> **Source records**
▼

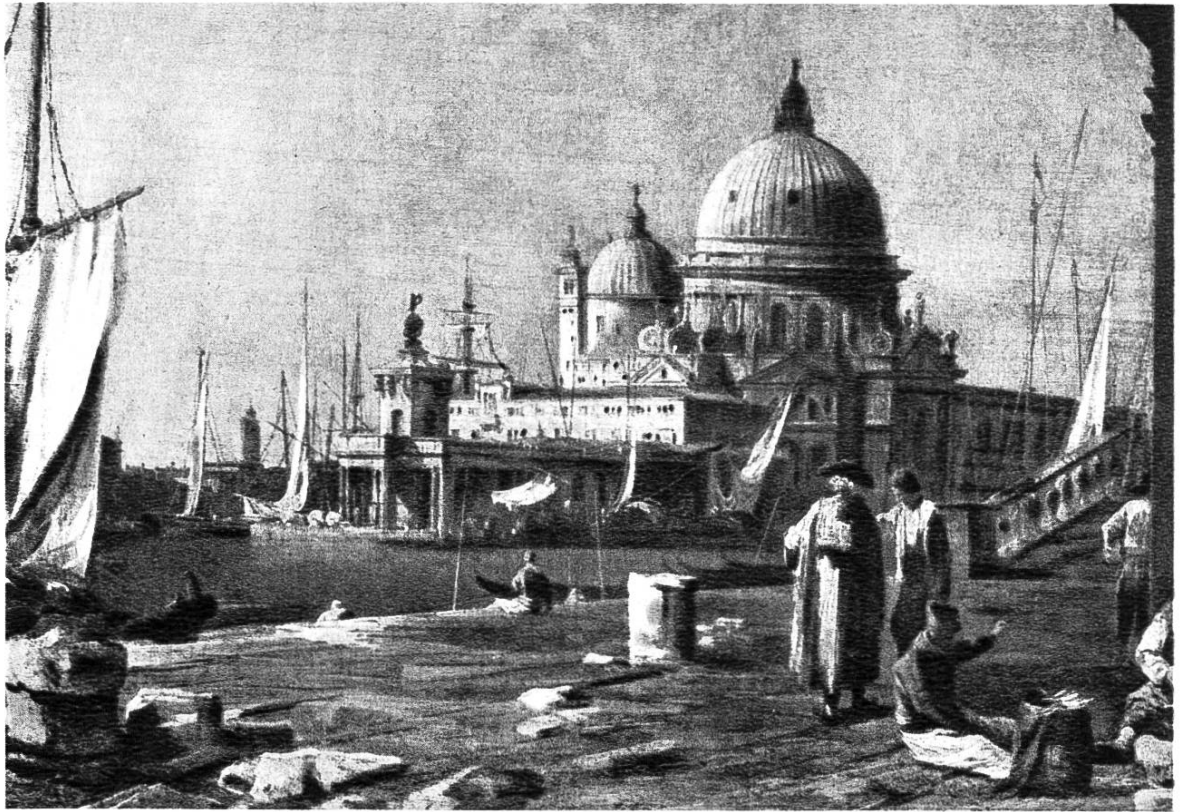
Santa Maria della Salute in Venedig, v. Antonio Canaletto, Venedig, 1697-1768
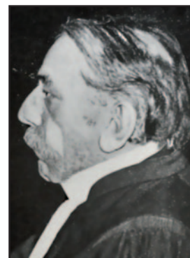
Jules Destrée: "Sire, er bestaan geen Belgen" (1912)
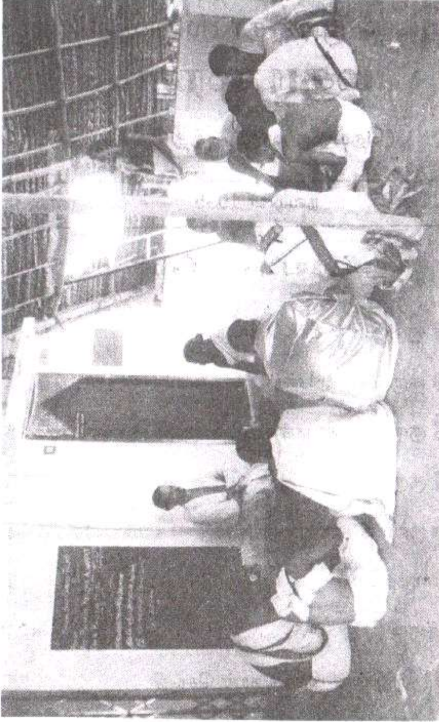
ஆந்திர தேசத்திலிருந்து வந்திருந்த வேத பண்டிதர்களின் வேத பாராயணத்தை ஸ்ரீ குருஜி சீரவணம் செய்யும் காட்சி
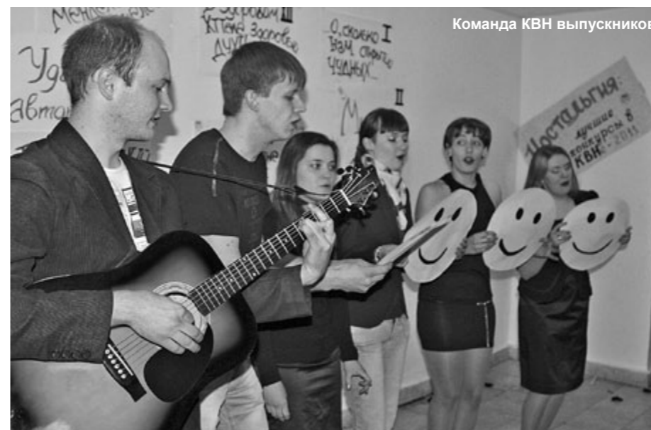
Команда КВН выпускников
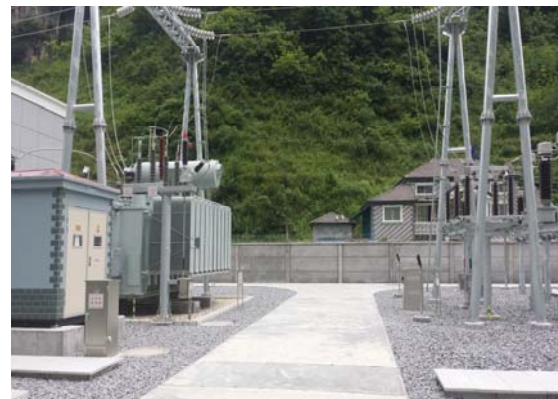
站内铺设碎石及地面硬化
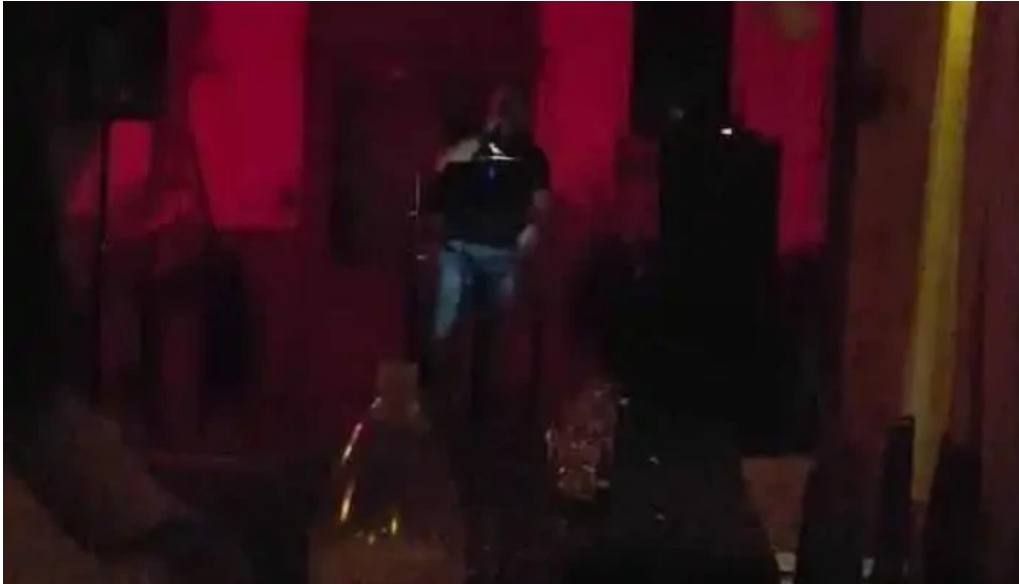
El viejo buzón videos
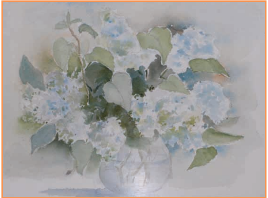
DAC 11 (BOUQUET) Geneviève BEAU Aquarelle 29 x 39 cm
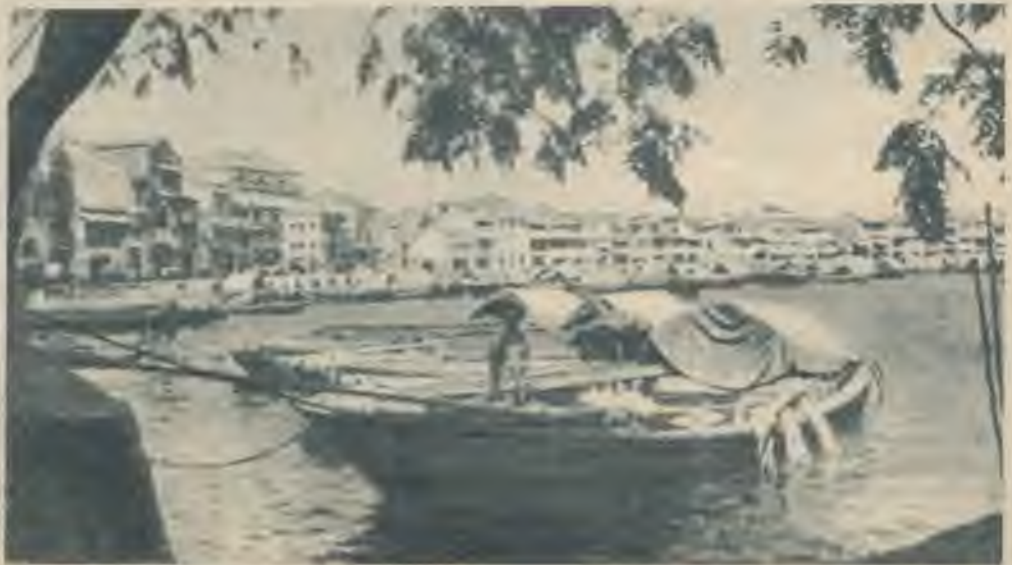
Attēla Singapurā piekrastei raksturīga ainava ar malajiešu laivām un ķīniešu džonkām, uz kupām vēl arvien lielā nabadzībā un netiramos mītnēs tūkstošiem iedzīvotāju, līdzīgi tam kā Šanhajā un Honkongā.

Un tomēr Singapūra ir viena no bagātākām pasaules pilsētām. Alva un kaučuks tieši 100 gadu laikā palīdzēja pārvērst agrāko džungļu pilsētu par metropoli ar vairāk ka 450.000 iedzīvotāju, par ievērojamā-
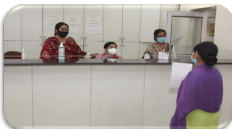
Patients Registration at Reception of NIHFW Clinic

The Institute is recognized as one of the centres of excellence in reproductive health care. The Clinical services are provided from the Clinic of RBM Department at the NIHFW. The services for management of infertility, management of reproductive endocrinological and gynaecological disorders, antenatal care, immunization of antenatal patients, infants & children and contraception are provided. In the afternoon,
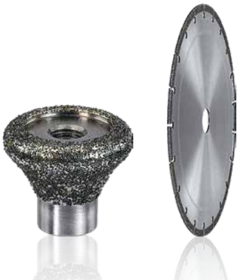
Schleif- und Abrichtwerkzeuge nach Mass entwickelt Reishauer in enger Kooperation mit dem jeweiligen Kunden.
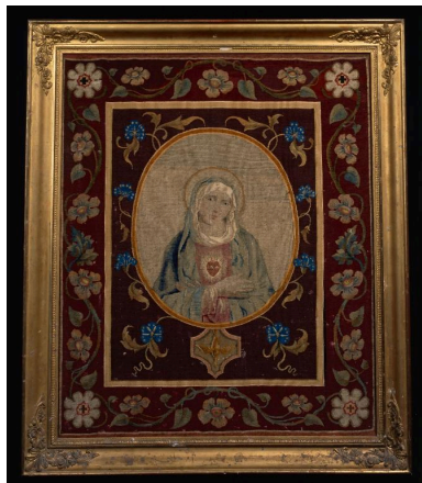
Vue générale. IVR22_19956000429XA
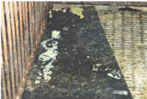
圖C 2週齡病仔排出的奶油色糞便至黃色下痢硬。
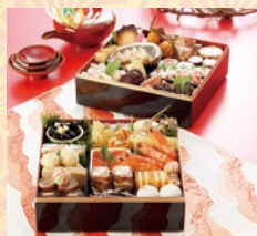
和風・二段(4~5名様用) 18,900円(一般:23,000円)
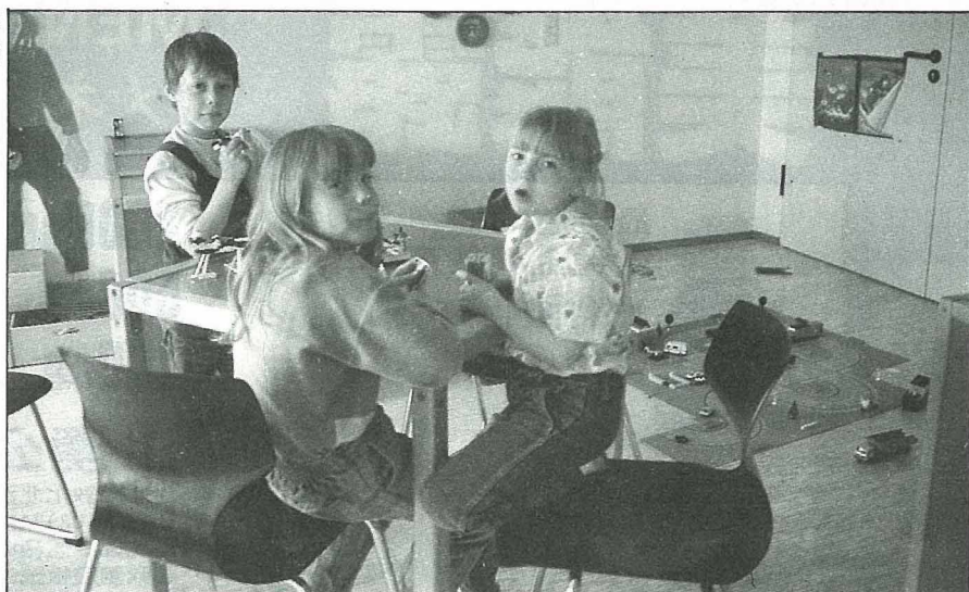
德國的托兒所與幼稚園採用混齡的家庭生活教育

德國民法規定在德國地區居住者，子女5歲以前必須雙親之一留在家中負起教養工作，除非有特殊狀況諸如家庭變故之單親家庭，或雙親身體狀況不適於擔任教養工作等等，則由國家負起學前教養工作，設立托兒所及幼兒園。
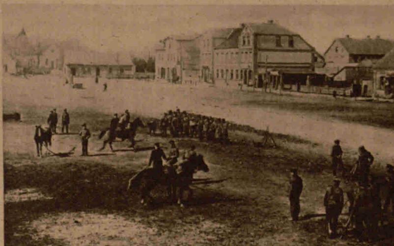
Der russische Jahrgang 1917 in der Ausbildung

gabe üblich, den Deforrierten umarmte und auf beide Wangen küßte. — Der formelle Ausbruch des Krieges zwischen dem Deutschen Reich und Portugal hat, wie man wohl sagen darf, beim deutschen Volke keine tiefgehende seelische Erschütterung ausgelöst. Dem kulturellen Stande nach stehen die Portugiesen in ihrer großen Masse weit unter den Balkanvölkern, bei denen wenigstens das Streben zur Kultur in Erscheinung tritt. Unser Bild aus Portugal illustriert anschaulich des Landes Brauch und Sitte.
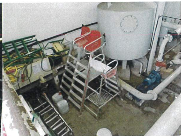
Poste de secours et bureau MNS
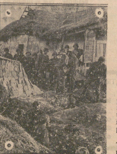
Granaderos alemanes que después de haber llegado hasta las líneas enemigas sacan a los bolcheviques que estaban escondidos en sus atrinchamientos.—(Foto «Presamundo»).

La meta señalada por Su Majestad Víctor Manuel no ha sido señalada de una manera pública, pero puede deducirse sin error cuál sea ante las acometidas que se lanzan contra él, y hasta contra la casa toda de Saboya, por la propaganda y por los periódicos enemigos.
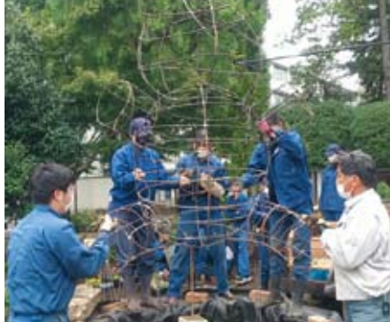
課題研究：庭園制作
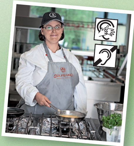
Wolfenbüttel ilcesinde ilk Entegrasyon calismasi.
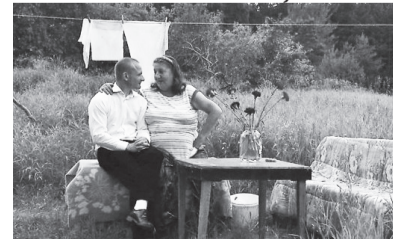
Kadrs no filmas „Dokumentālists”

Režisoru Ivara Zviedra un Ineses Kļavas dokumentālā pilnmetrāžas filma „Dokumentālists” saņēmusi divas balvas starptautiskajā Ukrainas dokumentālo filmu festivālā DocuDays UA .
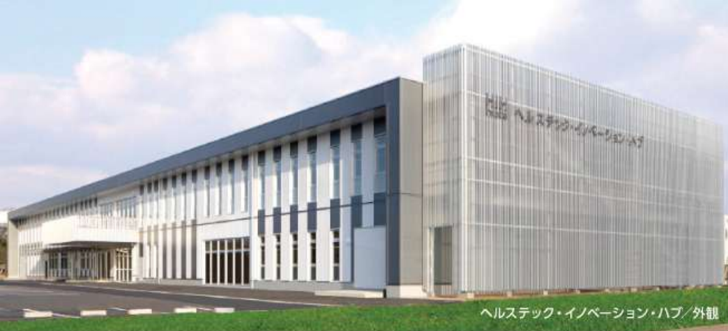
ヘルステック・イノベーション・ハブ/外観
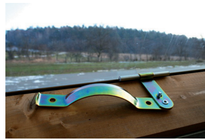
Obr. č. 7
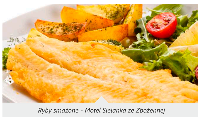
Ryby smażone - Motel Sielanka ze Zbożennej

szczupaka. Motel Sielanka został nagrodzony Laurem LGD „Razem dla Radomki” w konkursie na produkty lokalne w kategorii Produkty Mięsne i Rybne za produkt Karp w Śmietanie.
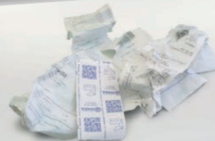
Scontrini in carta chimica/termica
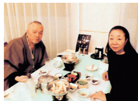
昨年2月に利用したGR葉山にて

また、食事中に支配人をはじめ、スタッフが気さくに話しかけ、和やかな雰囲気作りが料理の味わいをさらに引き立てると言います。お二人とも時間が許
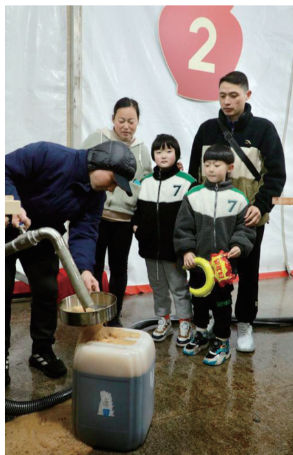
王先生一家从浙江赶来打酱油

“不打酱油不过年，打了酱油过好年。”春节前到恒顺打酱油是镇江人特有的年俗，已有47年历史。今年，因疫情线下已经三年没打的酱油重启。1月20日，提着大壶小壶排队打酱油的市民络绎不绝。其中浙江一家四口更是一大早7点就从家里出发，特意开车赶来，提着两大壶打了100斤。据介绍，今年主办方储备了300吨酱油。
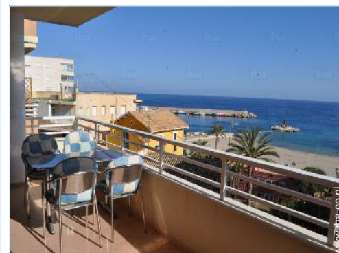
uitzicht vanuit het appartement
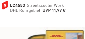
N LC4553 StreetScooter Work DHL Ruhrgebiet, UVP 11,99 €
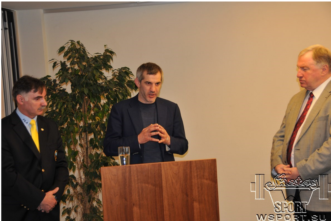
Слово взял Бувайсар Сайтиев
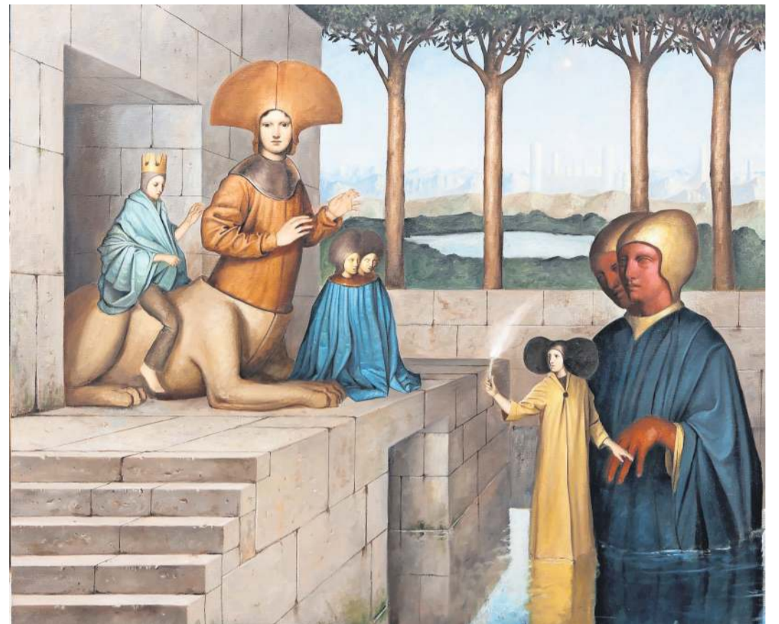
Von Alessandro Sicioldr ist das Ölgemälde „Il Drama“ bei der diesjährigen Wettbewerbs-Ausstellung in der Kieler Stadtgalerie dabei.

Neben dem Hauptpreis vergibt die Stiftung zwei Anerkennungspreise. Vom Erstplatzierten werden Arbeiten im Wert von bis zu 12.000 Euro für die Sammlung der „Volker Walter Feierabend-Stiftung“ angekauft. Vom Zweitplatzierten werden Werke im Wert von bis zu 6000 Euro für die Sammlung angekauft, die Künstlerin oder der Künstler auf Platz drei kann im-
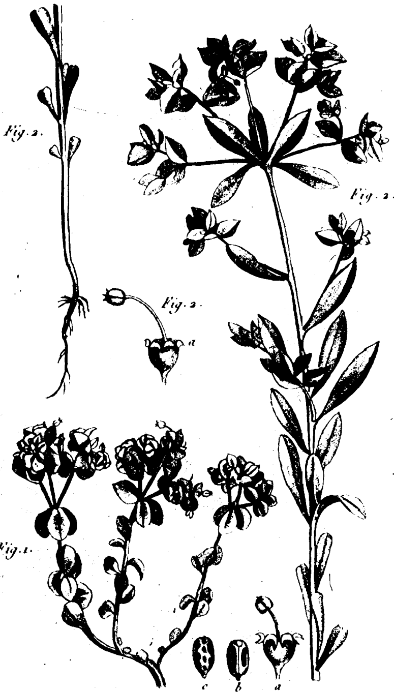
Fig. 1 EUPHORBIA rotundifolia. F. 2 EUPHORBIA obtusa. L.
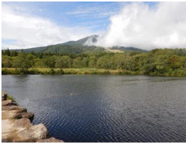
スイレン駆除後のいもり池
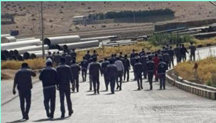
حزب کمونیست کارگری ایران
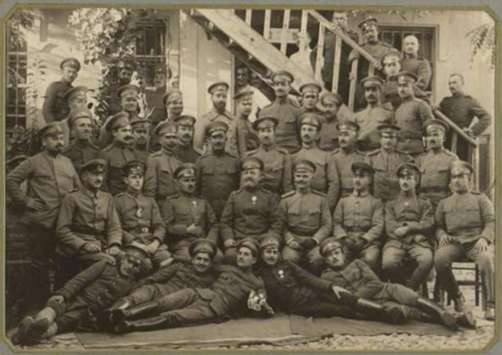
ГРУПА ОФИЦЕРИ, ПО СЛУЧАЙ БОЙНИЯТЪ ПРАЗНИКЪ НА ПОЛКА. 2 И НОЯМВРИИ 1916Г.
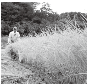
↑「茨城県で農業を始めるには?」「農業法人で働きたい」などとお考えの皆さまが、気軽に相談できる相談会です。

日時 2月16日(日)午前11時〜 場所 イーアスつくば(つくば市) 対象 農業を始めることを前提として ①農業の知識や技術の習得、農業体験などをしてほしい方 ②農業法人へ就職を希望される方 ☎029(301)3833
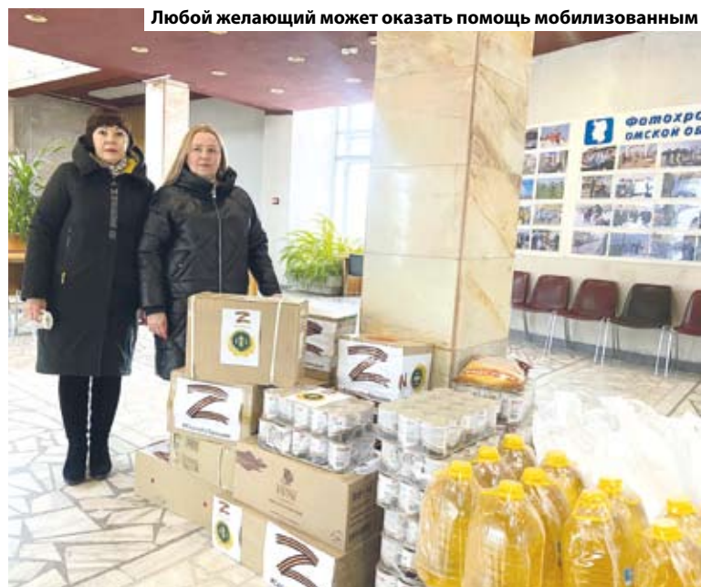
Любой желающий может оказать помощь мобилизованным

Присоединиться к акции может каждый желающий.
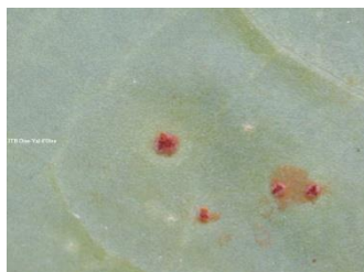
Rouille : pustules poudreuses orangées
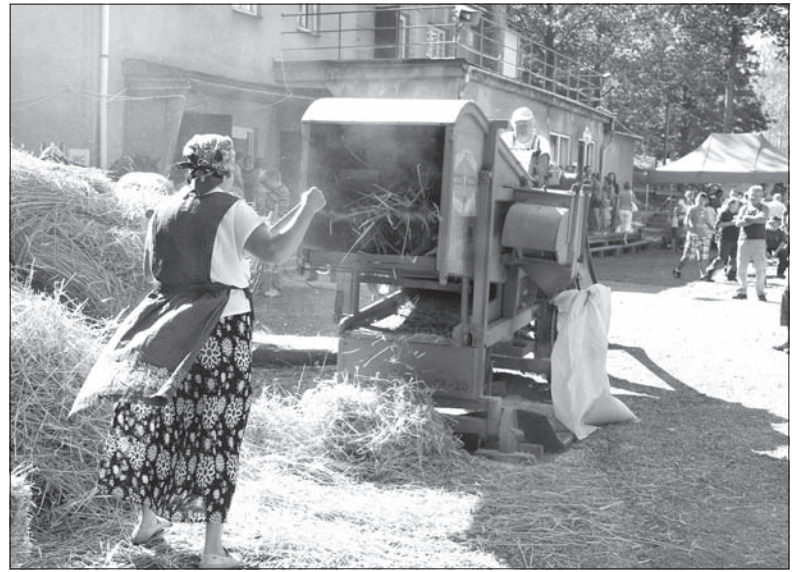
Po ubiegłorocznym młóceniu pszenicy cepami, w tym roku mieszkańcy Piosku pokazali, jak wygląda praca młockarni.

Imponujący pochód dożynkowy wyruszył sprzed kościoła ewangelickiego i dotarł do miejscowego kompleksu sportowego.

▲

> **Task brief**
Beginning at the line above that contains "Fig. 1 EUPHORBIA", repeat each line exactly through the one that contains "Присоединиться к акции может каждый желающий.", and leave out the pictures.

> **Exercise answer**
Fig. 1 EUPHORBIA rotundifolia. F. 2 EUPHORBIA obtusa. L.
スイレン駆除後のいもり池
حزب کمونیست کارگری ایران
ГРУПА ОФИЦЕРИ, ПО СЛУЧАЙ БОЙНИЯТЪ ПРАЗНИКЪ НА ПОЛКА. 2 И НОЯМВРИИ 1916Г.
↑「茨城県で農業を始めるには?」「農業法人で働きたい」などとお考えの皆さまが、気軽に相談できる相談会です。

日時 2月16日(日)午前11時〜 場所 イーアスつくば(つくば市) 対象 農業を始めることを前提として ①農業の知識や技術の習得、農業体験などをしてほしい方 ②農業法人へ就職を希望される方 ☎029(301)3833
Любой желающий может оказать помощь мобилизованным

Присоединиться к акции может каждый желающий.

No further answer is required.